Sato also connects the performances in Sansho to the traditions of kabuki and noh theater. But while that might conjure up images of stagy theatricality, the most striking thing about the acting here is its raw realism. It’s almost hard to think of it as acting — how can anyone bare their emotions so completely and un-self-consciously if they know they’re being watched? Their voices are raw and ragged; Kinuyo Tanaka, who plays Tamaki, actually refused to eat any rich food during filming to get the proper effect. The acting is over-the-top, but it sails right past stagy exaggeration and into intense immediacy: frequently, their screams of anguish and desperation actually blow out their mics. It’s an effect like what Brian Eno describes as, “the sound of things going out of control, of a medium pushing to its limits and breaking apart. The distorted guitar sound is the sound of something too loud for the medium supposed to carry it. The blues singer with the cracked voice is the sound of an emotional cry too powerful for the throat that releases it.”

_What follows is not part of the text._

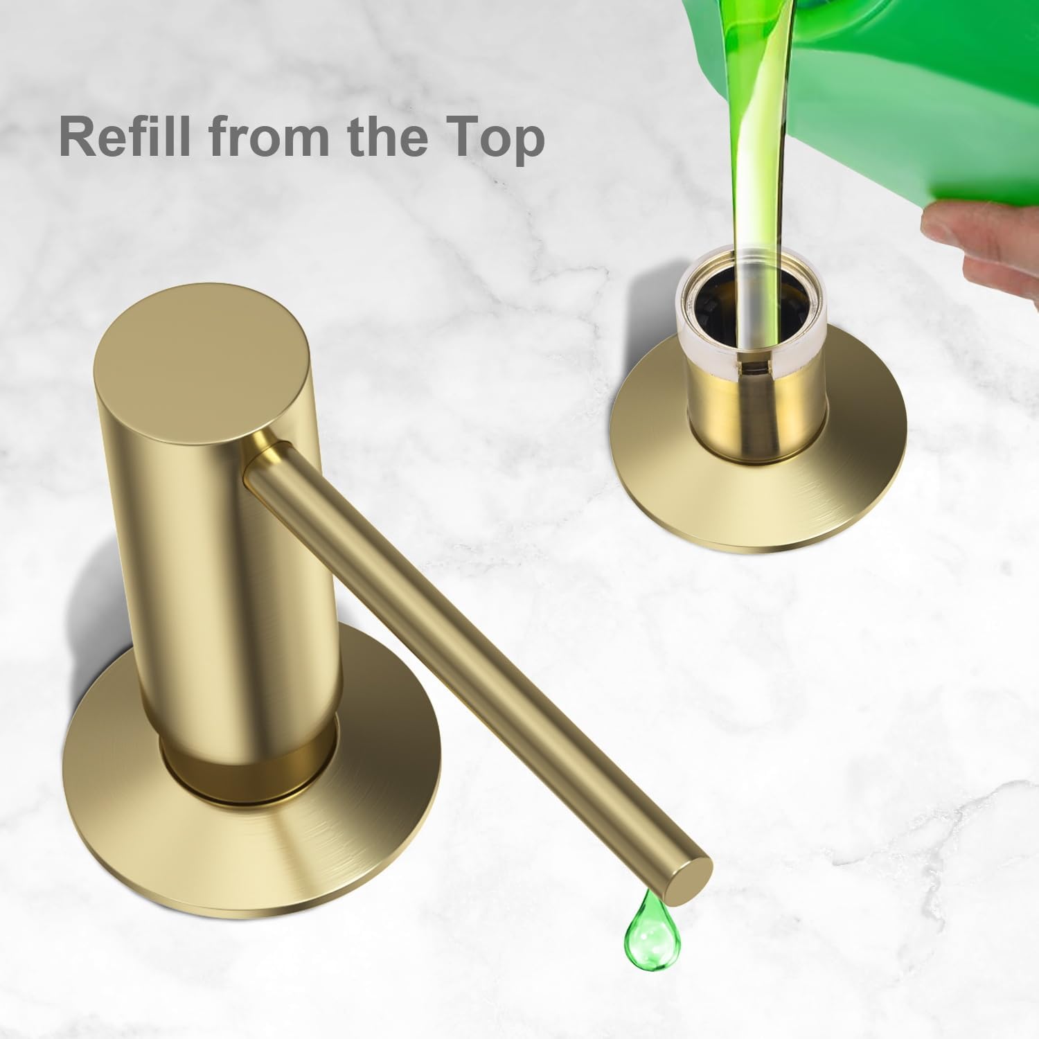 - ✔️ ABOVE THE COUNTER RE-FILL -- The soap dispenser for kitchen sink replacement with pull-out removable pump head makes refilling this sink soap dispenser a freeze. No more crawling under the sink.

Out of all these performances, stage actor Yoshiaki Hanayagi’s as Zushio stands out. He displays incredible versatility as he plays through his character’s emotional journey, from the heartless, emotionless “good slave,” to total abjectness, to regal implacability. But amid all the gutwrenching intensity of the performances, Sansho’s most powerful moments are often its subtlest. Zushio helps Anju cut down a branch, resonating with an earlier scene where we saw them as happy little children, brutally underlining how far they’ve fallen. The transitions between the flashback sequences and the family journeying to find their father allow the mother and father to briefly be reunited through a dissolve. And one character dies by silently, stoically walking into the ocean, like James Mason would the same year in A Star Is Born. We never see her face, only a single long shot remaining impassively behind her until she disappears. You can see Sansho’s influence in Mouchette as the French master filmmaker Robert Bresson uses it to make something somehow even more devastating. And you can see it in the films of Martin Scorsese. The famous phone call scene in Taxi Driver uses the same technique Mizoguchi applies to the torture scenes here; as Ebert describes it, “Mizoguchi’s elegant camera movement almost creates the illusion that we are not only looking along with him, but sometimes looking away, choosing not to see. The camera does not move away from certain actions so much as decline to notice them, often because they are too painful or personal.” And Sansho casts a long shadow over Silence. The prison scenes combine the abject intensity of Sansho’s performances with a set that closely resembles the cell where Zushio is imprisoned after he tries to get an audience with the prime minister. Sansho the Bailiff’s emotional power has endured for generations, and its message of compassion will remain timeless; until, at least, mankind finally awakens as human beings.